I also believe and know (because there are about 1.73 million research articles, and years of anecdotal evidence tells us) that the best way for most people to get big and strong and more fit is a few basic exercises (if they are able to perform them). Back squatting, bench pressing, deadlifting, chin-ups, rows, and overhead presses have long been staples in programs for people wanting to achieve any and all fitness goals. And for good reason – THEY WORK!

So you’re telling me that’s all I have to do and my lifting doesn’t have to be more complicated than that?!

Wrong.

Certainly those staple exercises work and are extremely effective. When warranted, I program them for myself and my clients. However, simply because they work and may be the best for some does not mean they are optimal for you. I also am not saying that just because they work, doesn’t mean other things won’t work just as well, if not better!  

So, while keeping those two points in mind, consider the following reasons for spicing up your training.

1. Your body will adapt to the stimulus that you provide for it

The above statement is a simple explanation for the fancy science acronym SAID: Specific Adaptation to Imposed Demands. AKA: Your body will adapt and change based on the imposed demand (stimulus) that you give it.

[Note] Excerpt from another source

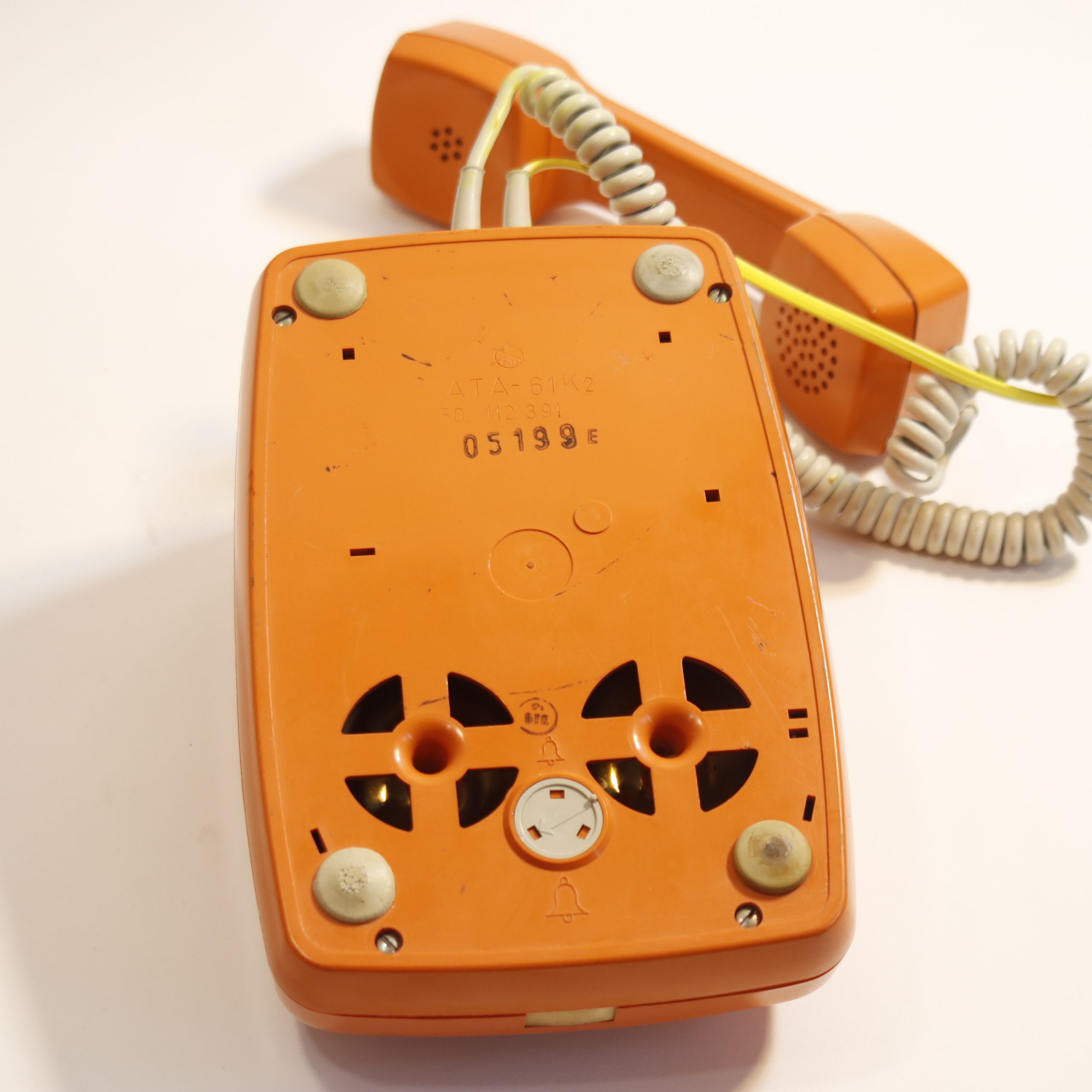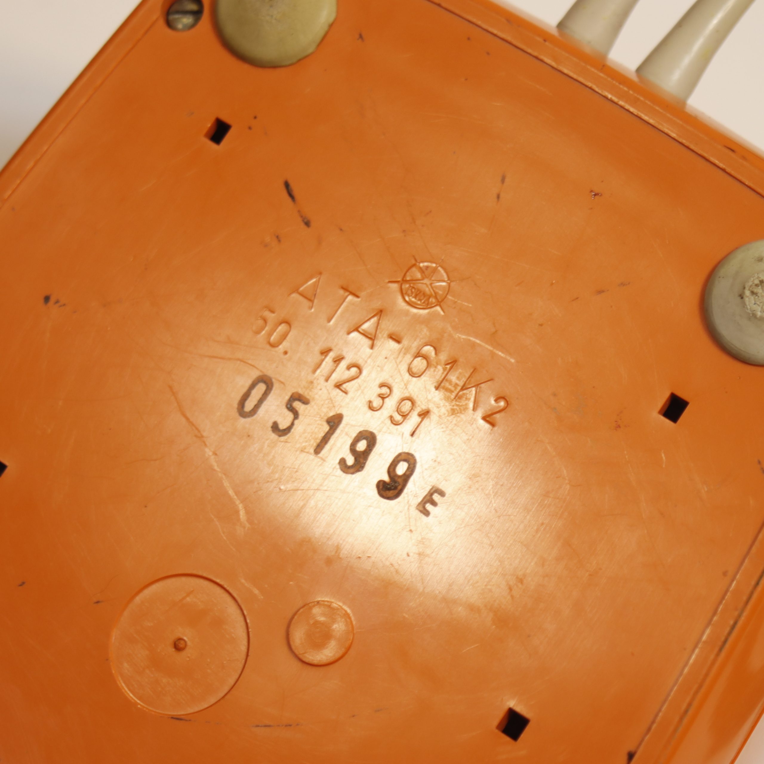 Este teléfono de sobremesa ATA‑61 fue fabricado en la antigua Yugoslavia por la empresa ISKRA (Eslovenia) en la década de 1970, con carcasa de plástico naranjo y disco giratorio integrado. Su diseño es sencillo y volumétrico, sin grandes detalles ornamentales, pensado para uso doméstico y de oficina, con un tacto firme y un sonido clásico propio de la telefonía analógica.

This is both good news and bad news. Good, because if you give your body a training stimulus, it then has to recover from that and it rebuilds itself up back stronger to withstand it better the next time. Sounds great! The bad news is that this only works for so long. Eventually, your body will realize, “Hey, I don’t have to work that hard anymore to recover from “x” stimulus because that’s all you’ve been giving it, and it knows what to expect.

You may have heard of something called beginner gains or newbie gains. It typically goes something like this.

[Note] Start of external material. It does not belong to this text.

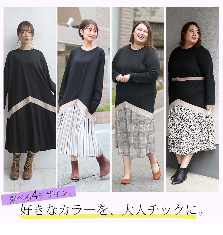 4. 大きいサイズ TRポンチ 裾切替 ワンピース

Someone new begins working out and they are doing back squats and bench press. Twice a week they do 3×5 for both lifts. Each week they add 5lb to the bar per lift. They continue in this manner for three months until eventually they notice they don’t get all five reps anymore and the weight just seems too heavy. Did they get stronger? Sure they did! Unbeknownst to them, however, is most, if not all, of those strength gains are likely only neurological improvements. This means they simply got better at performing the movements, and their efficiency improved at both lifts.

Think of it in terms of throwing a baseball. The first time a child does it, it probably isn’t very good. But with some consistent practice and a little coaching, it won’t take too long for the movement to get better. Did they get stronger? Maybe a little. Did their throwing technique and form improve and become more efficient? I guarantee it.

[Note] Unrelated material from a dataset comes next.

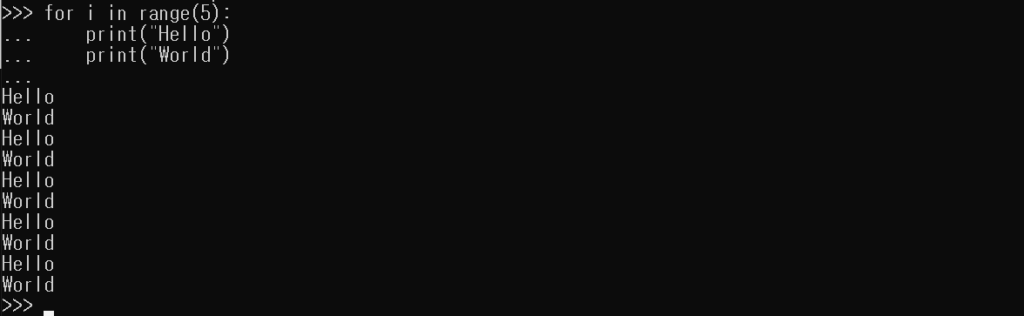 >>> a = 1 >>> while a <=20: ... print(a) ... a = a + 1 ... #실행결과 1 2 3 4 5 6 7 8 9 10 11 12 13 14 15 16 17 18 19 20

Take home point: Your body will eventually get used to what you are doing and not improve the way it has been. Vary your sets and reps and/or change up exercises every 4-8 weeks (depending on experience level) to continue to spark new and increased gains. If you’ve been doing 3×10 back squats for a while now, changing it up to 5×5 front squats may spark some new gains for you. It will hit different muscles, in different ways, give your nervous system a fresh stimulus for growth, all while still training that fundamental squat pattern.

2. Variety helps bring up the weak points of other lifts

Whether it is your initial goal when you begin training or not, everyone likes to be stronger. We have people who come into the gym all the time, and their initial goal is to lose weight, get out of pain, etc. And those are fantastic goals. But a cool thing happens the more they come and the longer they are here.

People discover they like training to be stronger.

They like seeing more weight put on the bar. They like the sense of accomplishment they have knowing three weeks ago they benched 95lb and this week benched 105lb. They beg me to add “just 10lb more pounds!”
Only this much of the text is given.